Les apports du féminisme lesbien en études féministes sont nombreux et ce paragraphe est loin d'en rendre compte.  Le courant lesbien a permis de  démysthifier la complémentarité homme/femme en démontrant comment opérait et se reproduisait la contrainte à  l'hétérosexualité.  Le slogan : " les lesbiennes ne sont pas des femmes", démontre la volonté des féministes lesbiennes  de se dissocier de la socialisation hétérosexuelle, en affirmant leur différence et leur désir de créer un nouveau modèle de relations amoureuses entre femmes en dehors du patriarcat.  Ce projet est, dans l'esprit de nombreuses lesbiennes, un projet politique, car il vise la construction d'un monde différent.
 

 Le féminisme socialiste

Mot d'ordre :"Pas de libération des femmes sans socialisme, pas de socialisme sans libération des femmes."

Ce type de féminisme était très populaire dans la décennie 1970, à l'époque de la montée des mouvements de gauche de toutes tendances.

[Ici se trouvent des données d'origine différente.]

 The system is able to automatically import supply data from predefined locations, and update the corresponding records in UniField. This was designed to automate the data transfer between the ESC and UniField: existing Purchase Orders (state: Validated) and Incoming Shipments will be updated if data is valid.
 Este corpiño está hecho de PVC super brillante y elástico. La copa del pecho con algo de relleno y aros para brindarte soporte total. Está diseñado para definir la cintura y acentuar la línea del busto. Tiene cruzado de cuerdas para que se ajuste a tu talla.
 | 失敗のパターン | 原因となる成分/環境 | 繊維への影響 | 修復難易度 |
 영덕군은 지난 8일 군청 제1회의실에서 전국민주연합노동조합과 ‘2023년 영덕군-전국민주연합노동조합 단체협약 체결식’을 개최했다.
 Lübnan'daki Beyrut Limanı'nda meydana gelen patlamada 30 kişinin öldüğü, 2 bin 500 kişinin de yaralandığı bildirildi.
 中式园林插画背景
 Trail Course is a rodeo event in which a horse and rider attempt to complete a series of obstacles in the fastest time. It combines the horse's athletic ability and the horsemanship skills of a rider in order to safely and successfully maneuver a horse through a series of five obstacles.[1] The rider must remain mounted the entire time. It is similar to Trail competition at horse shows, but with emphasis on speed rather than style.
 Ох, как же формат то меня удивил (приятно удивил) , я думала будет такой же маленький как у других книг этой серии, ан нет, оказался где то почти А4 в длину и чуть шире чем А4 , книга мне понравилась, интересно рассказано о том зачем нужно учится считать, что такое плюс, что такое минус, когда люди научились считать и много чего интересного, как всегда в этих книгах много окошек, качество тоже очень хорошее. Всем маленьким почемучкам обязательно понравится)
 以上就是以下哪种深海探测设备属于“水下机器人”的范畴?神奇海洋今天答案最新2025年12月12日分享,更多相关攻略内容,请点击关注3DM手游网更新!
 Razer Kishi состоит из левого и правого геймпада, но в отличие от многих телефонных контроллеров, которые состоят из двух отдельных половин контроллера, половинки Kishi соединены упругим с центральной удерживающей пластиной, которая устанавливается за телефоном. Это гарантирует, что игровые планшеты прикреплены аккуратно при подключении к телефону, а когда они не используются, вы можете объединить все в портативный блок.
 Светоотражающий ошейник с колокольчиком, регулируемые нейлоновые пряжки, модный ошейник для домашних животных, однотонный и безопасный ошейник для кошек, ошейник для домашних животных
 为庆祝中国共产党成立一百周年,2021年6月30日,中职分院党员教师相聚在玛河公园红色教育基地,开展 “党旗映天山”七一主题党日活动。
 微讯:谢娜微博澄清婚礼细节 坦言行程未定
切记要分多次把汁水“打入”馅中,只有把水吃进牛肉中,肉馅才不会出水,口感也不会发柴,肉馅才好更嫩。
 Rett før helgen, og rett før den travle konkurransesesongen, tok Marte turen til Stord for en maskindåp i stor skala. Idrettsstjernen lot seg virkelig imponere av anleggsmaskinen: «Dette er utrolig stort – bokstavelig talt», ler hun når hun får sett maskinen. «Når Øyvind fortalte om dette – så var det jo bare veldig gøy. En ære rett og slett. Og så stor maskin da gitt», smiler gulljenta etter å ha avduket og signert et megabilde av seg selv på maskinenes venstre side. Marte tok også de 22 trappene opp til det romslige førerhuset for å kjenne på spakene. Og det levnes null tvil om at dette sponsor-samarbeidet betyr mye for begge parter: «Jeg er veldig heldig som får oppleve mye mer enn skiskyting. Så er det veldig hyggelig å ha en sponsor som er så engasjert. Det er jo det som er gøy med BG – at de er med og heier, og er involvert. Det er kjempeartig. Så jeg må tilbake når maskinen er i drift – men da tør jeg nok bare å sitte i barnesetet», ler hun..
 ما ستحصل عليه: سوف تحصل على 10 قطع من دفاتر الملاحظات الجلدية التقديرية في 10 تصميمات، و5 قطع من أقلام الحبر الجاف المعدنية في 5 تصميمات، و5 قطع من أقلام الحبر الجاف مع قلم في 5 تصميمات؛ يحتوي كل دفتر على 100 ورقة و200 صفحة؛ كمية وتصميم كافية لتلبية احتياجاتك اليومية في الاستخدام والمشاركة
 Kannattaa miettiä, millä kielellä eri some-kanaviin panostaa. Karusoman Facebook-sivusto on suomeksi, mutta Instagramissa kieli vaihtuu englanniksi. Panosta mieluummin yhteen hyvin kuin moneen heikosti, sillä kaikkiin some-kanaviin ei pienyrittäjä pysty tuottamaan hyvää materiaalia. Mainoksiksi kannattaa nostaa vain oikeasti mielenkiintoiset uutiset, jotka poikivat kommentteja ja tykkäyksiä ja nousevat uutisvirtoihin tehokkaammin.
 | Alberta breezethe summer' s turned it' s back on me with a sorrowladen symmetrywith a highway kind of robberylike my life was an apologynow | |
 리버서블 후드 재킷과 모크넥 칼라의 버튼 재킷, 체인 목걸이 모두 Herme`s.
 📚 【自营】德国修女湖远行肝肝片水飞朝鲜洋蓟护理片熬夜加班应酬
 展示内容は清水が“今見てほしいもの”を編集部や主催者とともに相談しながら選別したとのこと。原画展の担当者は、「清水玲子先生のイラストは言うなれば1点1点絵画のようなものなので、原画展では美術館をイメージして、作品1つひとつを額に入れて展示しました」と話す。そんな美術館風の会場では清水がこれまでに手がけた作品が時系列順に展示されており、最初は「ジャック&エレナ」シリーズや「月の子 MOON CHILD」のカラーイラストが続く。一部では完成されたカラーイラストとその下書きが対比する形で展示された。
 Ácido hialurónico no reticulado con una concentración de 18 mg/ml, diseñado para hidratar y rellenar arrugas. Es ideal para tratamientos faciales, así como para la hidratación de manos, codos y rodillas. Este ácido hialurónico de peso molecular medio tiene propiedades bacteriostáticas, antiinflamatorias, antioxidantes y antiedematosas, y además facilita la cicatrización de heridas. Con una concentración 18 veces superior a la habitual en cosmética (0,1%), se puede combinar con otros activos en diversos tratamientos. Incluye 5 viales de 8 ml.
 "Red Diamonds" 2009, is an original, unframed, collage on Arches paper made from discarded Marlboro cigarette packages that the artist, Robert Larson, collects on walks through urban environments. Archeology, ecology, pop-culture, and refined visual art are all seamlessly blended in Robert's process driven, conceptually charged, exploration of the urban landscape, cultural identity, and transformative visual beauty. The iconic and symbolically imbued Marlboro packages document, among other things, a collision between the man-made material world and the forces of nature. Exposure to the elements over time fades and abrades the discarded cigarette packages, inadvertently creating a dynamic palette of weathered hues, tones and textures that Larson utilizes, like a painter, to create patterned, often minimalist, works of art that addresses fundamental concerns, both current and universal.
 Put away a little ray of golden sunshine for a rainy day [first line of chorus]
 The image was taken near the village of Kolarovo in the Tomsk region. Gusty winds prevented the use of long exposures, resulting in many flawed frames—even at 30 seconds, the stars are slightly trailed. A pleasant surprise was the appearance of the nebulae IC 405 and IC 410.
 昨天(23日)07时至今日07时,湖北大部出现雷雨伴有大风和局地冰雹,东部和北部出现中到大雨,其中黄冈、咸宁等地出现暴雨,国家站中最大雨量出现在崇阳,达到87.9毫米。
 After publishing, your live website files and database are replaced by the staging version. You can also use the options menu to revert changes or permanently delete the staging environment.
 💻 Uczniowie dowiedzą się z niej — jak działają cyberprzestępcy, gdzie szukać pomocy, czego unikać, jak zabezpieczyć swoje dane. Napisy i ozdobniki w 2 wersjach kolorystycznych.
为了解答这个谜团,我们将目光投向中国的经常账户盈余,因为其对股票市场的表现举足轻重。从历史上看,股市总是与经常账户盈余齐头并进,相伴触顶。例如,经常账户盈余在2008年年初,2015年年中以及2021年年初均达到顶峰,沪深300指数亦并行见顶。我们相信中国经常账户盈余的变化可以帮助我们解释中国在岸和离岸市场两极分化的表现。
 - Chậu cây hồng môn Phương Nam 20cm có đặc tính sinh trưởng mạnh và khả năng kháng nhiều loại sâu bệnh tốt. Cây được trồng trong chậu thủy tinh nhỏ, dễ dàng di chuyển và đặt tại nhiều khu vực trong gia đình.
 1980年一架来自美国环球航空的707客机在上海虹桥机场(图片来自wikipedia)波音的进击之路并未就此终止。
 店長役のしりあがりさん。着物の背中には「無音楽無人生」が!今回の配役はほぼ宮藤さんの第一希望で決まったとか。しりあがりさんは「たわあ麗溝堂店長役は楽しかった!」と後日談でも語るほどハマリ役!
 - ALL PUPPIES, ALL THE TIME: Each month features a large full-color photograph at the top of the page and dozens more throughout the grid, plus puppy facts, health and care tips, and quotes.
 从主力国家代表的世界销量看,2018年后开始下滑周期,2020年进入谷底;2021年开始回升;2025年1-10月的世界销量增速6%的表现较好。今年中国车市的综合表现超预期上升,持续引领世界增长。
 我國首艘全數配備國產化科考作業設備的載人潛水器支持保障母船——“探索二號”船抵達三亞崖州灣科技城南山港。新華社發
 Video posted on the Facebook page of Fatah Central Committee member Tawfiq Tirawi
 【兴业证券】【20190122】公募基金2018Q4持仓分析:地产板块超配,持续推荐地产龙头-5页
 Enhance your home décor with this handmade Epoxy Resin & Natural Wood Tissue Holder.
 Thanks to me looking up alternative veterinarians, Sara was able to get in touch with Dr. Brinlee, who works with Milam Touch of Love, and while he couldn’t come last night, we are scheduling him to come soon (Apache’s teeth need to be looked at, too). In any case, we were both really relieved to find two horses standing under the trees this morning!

Ce féminisme reprend certains traits de l’analyse marxiste en l’appliquant aux femmes. Il renvoie aux  idées suivantes :
Les femmes, par analogie avec les prolétaires, formeraient un groupe social distinct.
Pour ces féministes, le patriarcat est un produit du capitalisme. L’amélioration du statut des femmes passe par des réformes économiques orchestrées par l’État (garderie étatique gratuite, fin du harcèlement sexuel, égalité salariale) et l'abolition de la division sexuelle du travail.  On a reproché à ce courant sa trop grande confiance en l‘État et son analyse orientée sur l'économie. D'autre part, ce courant a permis une meilleure compréhension du concept de travail et de son implication pour les femmes (travail domestique).
 
 

Le féminisme postmoderne/post-féminisme

Mot d'ordre : " Je, n'est pas une femme."

Tendance récente apparue dans les études féministes (Women’s Studies) aux États-Unis et inspirée par certaines théoriciennes française qui ont réinterprété la psychanalyse ( Lacan, Freud). Le féminisme postmoderne emprunte aussi au postmodernisme (courant récent en philo.). Le post-féminisme est un courant critique qui met l’accent sur certaines tares du féminisme en lui reprochant d’être trop normatif et de ne pas tenir compte des différences qui existent entre les femmes et des choix individuels.   Le post-féminisme est à l’exemple des générations de jeunes femmes d’aujourd’hui qui ne s’identifient pas nécessairement au féminisme, mais qui ont intériorisé les valeurs féministes (égalité hommes/femmes, intégrité physique des femmes, liberté de décider, d'agir, d'être). Le postféminisme ne signifie pas que le féminisme est appelé à disparaître, mais seulement que celui-ci s’est transformé. Le post-féminisme invite les femmes et les hommes à réfléchir sur leurs identités sexuelles et à les déconstruire (les repenser pour les transformer).  Cette réflexion peut mener au changement, car elle nous amène à prendre conscience de l’aspect parfois arbitraire des identités de genre et de sexe.